NEWSPAPER CLIPPINGS
The Times of India: July 07, 2007

Vajpayee warns against N-deal, says
will compromise quest for deterrent

With India and the US getting ready to make one more attempt to break the logjam over the nuclear deal, BJP on Friday raised the sovereignty ante, expressing apprehension that the UPA coalition was on the verge of signing off an agreement which would compromise the country’s quest for a credible nuclear deterrent.

The party’s warning came from former prime minister Atal Bihari Vajpayee, who in a letter cautioned the government against finalising the nuclear cooperation agreement with the US without explaining its position in Parliament. He argued that the issue needed to be deliberated in detail before the deal was formally inked. Briefing the media on Vajpayee’s letter, former union ministers Yashwant Sinha and Arun Shourie said the former PM felt that a taskforce set up to review New Delhi’s disarmament, non-proliferation and security policies could be used to change the country’s nuclear policy in order to bring it in conformity with a tough US law on the nuclear pact.

Shourie, in fact, asserted that Vajpayee had made his statement on the basis of information that he had, and which had raised the Opposition’s apprehension about the assurances that PM Manmohan Singh made in Parliament on August 17, 20\06.

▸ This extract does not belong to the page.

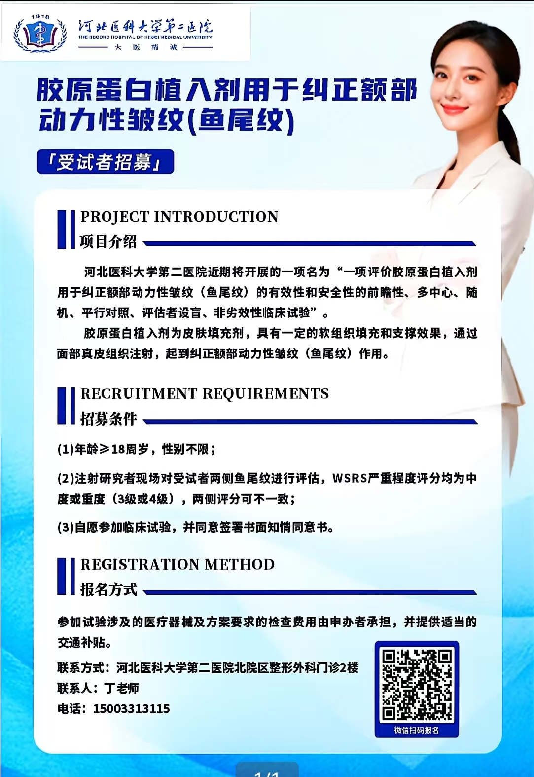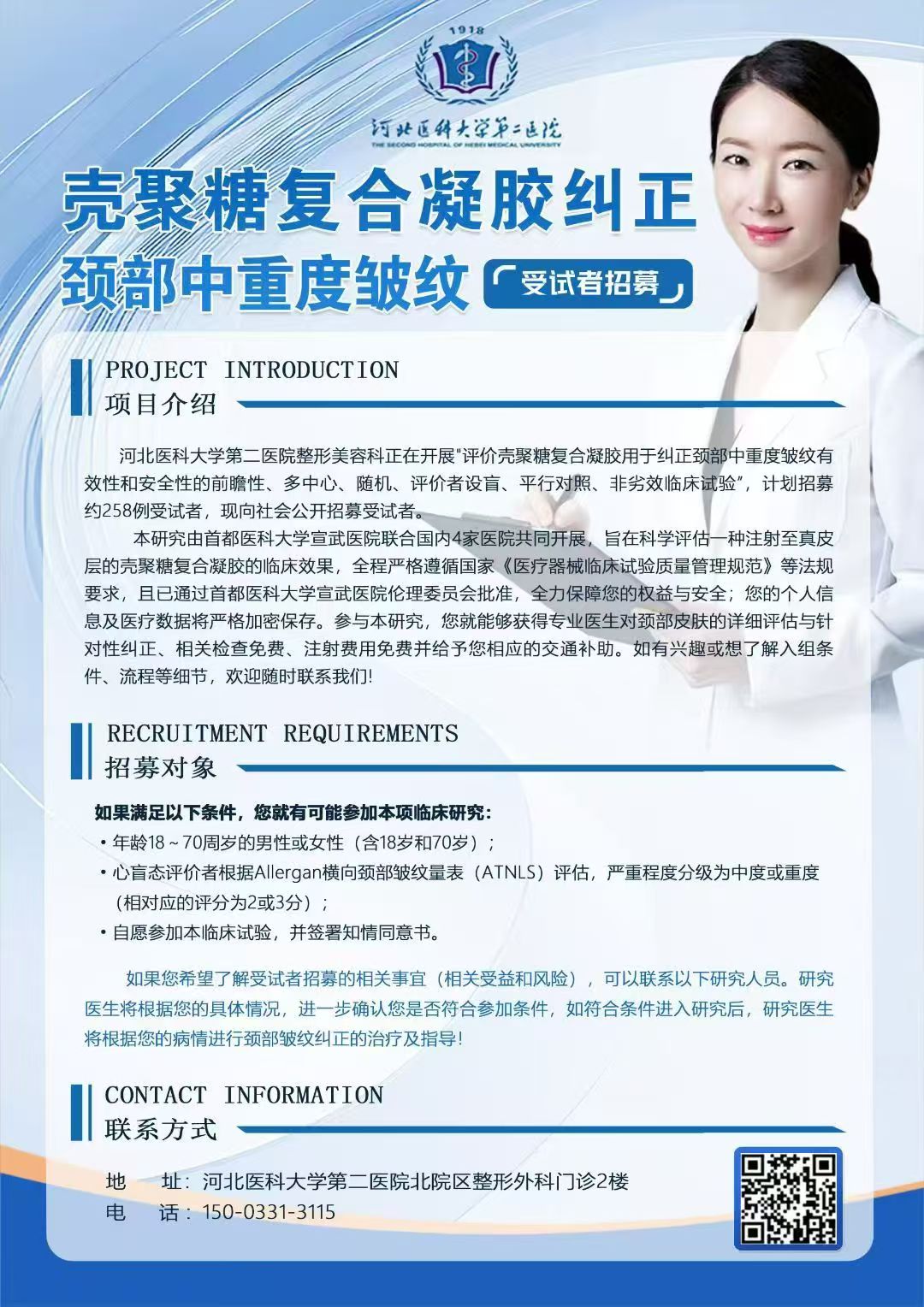 招募鼻唇沟皱纹、鱼尾纹、颈纹临床试验受试者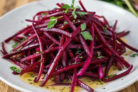 Вкусный салат из вареной свеклы с чесноком, оливковым маслом, лимонным соком, солью и перцем — полезное и ароматное блюдо для…

Vajpayee’s letter and the remarks of Shourie and Sinha suggested that the principal opposition party could be digging in its heels to take on the government on the deal. In fact, Sinha sought to cast BJP as the principal opponent of the deal, declaring that his party would seek no support from the Left in its opposition to the deal since the CPM had earlier backed out after striking a deal with the government. "Their’s is only a proforma protest,"the former foreign minister said of the Left.

"The setting up of the taskforce at this juncture is nothing more than a veiled move towards reversing our nuclear-related policies with a view to bringing them in conformity with many of the highly objectionable provisions of the Hyde Act; and then to pretend that the changes have been undertaken by US autonomously,"Vajpayee said in his letter.

The BJP said the visit of the high-powered Indian team headed by national security advisor M K Narayanan later this month also pointed to a finalising of the deal. Vajpayee insisted that Washington’s confidence that the India-US nuclear deal would be concluded before the end of this year might also be linked to review of New Delhi’s policies. The BJP veteran maintained that various provisions of the Hyde Act were designed to stymie development of India’s nuclear weapons capabilities.

"The two, which will have the greatest adverse impact on our national security are those pertaining to the ban on nuclear tests by India and its working actively with the US for the early conclusion of a multilateral fissile material cut-off treaty (FMCT)," he said.

The former PM noted that India was presently free to resume nuclear testing, which he said might become necessary in response to moves by other countries.

Operationalisation of the nuclear deal, Vajpayee added, would therefore clearly require a change of policy on nuclear testing. "It would be a grave mistake to do so as it will compromise our capability to keep abreast of other countries in nuclear weapons development,"he said.

"It would be most unfortunate if we agree to verification by national technical means as the US, with the most advanced intelligence system and technology, will be in the driver’s seat in terms of operationalising the FMCT,"he added.

Vajpayee noted that the US, in such an event, would undertake "finger pointing in terms of those in violation of the FMCT”.